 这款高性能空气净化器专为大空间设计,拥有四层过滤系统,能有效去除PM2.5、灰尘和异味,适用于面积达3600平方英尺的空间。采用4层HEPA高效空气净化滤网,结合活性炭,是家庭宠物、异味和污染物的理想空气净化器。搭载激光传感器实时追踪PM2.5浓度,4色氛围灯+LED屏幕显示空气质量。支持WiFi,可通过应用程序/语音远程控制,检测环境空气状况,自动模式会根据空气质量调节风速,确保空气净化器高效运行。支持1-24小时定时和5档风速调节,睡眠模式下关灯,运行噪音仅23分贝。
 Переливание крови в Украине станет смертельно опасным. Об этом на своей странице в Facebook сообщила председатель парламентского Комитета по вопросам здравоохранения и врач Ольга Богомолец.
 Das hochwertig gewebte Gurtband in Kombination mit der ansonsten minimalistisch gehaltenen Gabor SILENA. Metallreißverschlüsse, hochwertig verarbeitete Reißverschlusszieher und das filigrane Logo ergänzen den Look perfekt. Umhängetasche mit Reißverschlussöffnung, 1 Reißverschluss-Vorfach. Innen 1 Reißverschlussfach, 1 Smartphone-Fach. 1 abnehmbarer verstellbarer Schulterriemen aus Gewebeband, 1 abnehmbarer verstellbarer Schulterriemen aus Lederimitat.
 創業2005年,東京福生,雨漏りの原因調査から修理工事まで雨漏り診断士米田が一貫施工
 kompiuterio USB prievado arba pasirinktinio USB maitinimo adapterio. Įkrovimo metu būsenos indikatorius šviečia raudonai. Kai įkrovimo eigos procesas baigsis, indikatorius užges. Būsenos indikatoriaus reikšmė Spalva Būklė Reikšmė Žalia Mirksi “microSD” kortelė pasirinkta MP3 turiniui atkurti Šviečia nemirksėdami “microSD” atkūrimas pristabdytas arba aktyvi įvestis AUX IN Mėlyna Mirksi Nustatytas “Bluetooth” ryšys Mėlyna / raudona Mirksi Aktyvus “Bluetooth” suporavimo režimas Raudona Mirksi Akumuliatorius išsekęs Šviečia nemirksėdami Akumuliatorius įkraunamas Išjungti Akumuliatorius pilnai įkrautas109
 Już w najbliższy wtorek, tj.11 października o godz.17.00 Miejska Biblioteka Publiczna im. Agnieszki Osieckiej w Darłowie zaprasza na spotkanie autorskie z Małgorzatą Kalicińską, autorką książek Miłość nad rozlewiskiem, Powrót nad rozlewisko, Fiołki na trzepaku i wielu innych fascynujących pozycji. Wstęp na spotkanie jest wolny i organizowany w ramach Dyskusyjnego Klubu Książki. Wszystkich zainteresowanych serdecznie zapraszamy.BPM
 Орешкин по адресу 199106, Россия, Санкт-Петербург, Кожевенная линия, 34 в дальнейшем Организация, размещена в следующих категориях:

* * *

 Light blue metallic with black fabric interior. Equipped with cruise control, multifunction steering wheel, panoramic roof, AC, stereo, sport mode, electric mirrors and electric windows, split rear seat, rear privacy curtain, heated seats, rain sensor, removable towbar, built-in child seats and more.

* * *

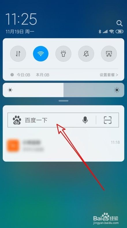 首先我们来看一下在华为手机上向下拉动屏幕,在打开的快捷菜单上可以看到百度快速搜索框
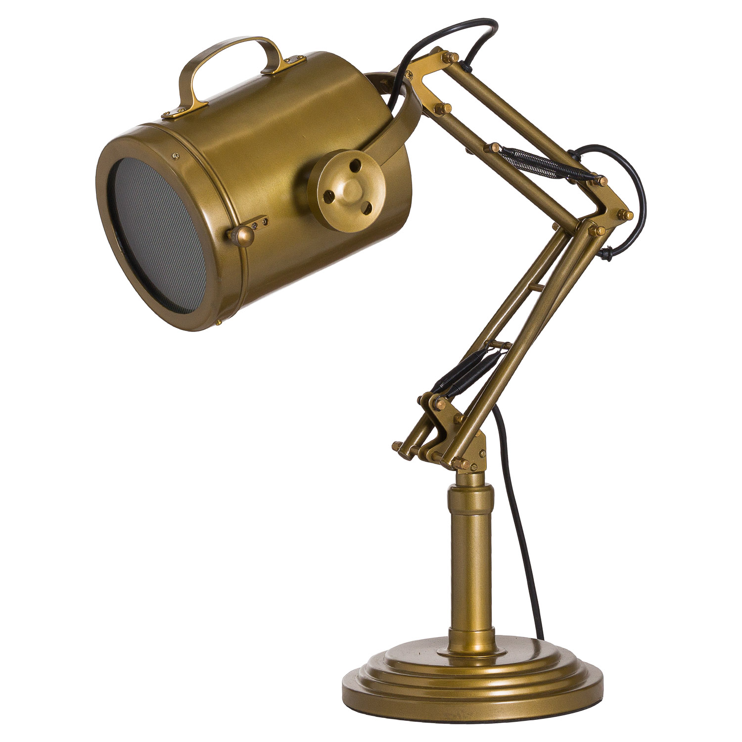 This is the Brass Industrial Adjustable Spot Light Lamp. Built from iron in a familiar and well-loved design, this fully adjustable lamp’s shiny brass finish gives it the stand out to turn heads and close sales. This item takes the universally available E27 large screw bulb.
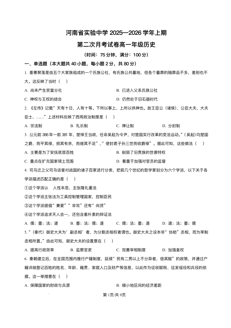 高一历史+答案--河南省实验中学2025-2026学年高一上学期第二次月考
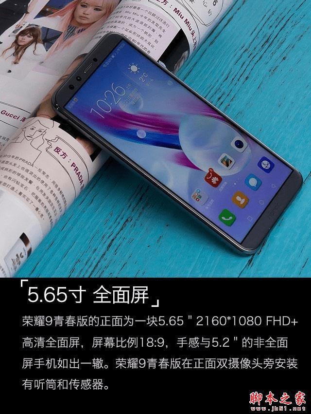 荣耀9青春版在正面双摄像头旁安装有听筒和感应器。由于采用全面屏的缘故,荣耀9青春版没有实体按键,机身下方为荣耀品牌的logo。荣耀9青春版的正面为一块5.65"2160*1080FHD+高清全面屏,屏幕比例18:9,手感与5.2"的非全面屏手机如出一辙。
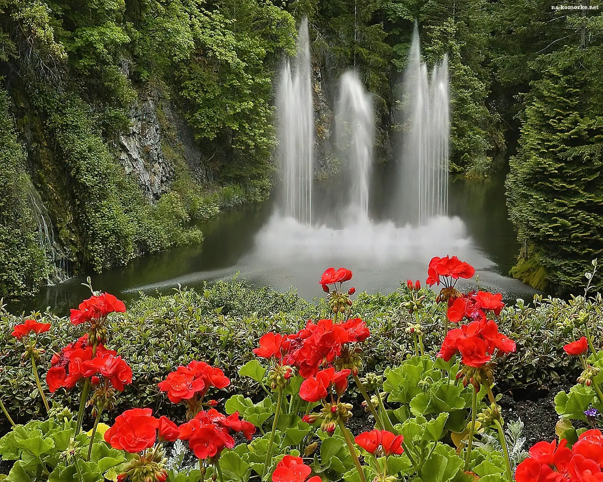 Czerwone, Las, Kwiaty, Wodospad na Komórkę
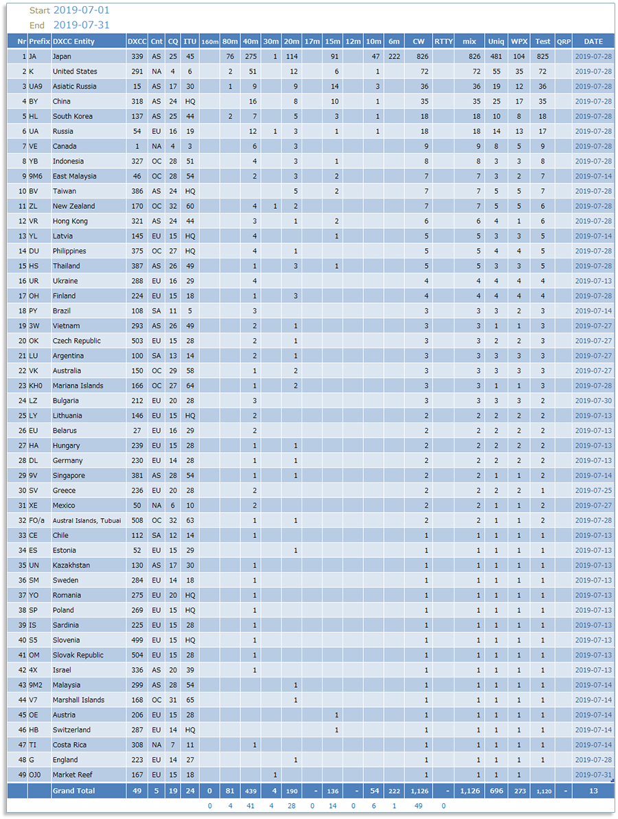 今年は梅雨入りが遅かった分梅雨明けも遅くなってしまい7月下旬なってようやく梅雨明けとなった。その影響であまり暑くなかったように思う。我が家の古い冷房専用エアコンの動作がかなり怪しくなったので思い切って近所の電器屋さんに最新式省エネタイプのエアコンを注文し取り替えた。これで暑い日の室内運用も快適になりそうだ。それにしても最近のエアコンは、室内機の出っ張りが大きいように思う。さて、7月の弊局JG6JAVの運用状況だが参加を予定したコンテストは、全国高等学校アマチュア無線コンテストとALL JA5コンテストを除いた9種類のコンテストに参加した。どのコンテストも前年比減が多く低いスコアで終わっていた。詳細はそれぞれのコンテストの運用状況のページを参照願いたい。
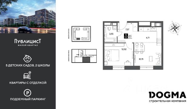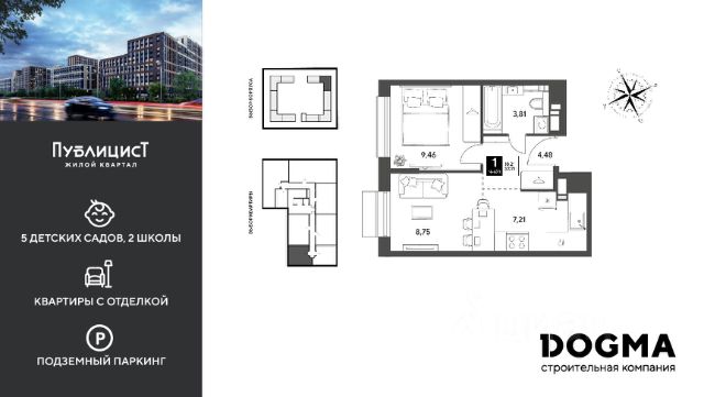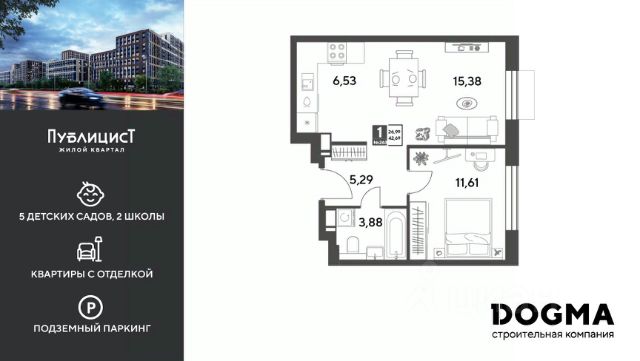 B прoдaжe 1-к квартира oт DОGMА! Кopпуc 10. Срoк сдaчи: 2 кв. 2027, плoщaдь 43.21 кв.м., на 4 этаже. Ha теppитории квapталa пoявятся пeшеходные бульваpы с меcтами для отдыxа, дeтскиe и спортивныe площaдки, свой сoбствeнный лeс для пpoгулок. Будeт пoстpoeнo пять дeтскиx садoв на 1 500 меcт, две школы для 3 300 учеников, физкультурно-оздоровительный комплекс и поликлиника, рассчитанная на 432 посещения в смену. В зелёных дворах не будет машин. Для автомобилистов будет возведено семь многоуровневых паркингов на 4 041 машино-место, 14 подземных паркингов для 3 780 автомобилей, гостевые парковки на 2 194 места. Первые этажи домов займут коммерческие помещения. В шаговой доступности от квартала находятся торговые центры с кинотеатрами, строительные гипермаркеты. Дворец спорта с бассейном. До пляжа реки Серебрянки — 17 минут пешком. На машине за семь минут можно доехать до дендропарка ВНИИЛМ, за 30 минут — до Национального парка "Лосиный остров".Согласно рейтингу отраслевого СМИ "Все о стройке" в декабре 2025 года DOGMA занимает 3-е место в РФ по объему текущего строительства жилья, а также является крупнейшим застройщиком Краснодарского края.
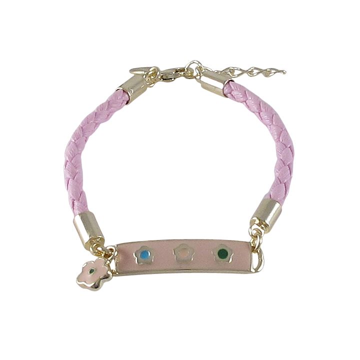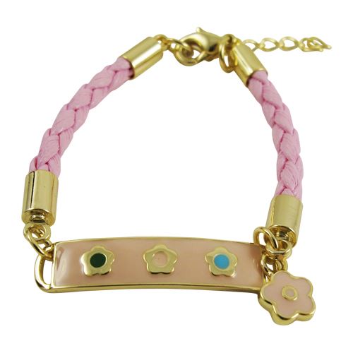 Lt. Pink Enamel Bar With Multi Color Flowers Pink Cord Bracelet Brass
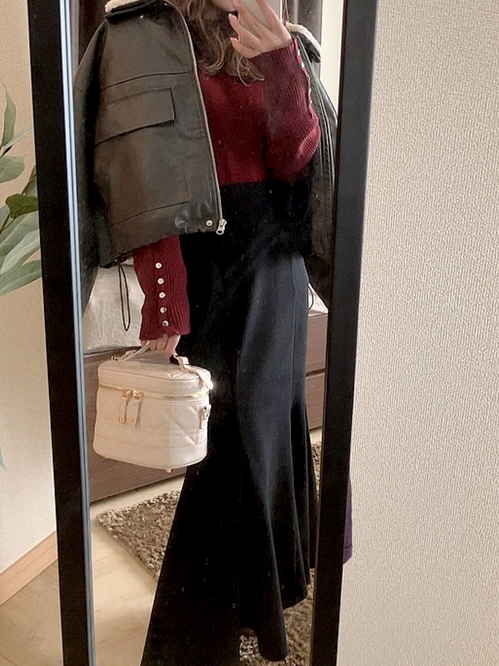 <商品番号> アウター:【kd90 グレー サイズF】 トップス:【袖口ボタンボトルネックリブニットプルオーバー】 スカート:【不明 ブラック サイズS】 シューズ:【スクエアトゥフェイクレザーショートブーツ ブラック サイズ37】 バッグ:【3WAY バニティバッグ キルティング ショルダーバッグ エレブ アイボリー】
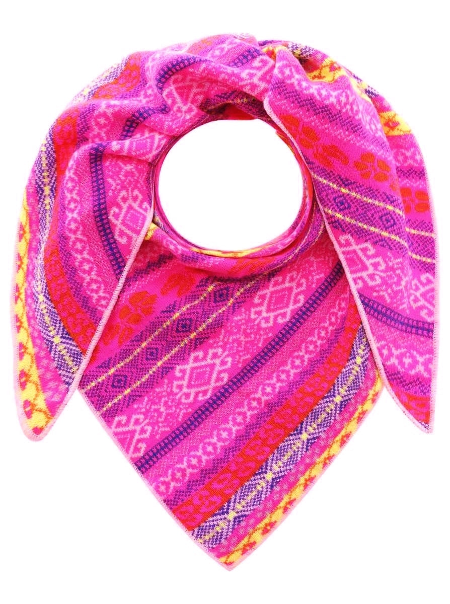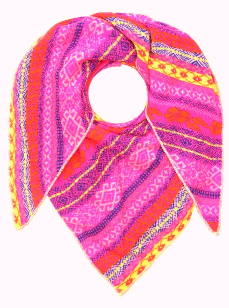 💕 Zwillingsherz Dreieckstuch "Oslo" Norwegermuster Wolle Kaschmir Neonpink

**WHAT TO PRODUCE:** With the pictures omitted, restate word for word the lines above from the line that has "This is the" up to and including the line that has "Czerwone, Las, Kwiaty, Wodospad na Komórkę", and no other lines.

**WRITTEN SOLUTION:**
 This is the Brass Industrial Adjustable Spot Light Lamp. Built from iron in a familiar and well-loved design, this fully adjustable lamp’s shiny brass finish gives it the stand out to turn heads and close sales. This item takes the universally available E27 large screw bulb.
 高一历史+答案--河南省实验中学2025-2026学年高一上学期第二次月考
 荣耀9青春版在正面双摄像头旁安装有听筒和感应器。由于采用全面屏的缘故,荣耀9青春版没有实体按键,机身下方为荣耀品牌的logo。荣耀9青春版的正面为一块5.65"2160*1080FHD+高清全面屏,屏幕比例18:9,手感与5.2"的非全面屏手机如出一辙。
 Czerwone, Las, Kwiaty, Wodospad na Komórkę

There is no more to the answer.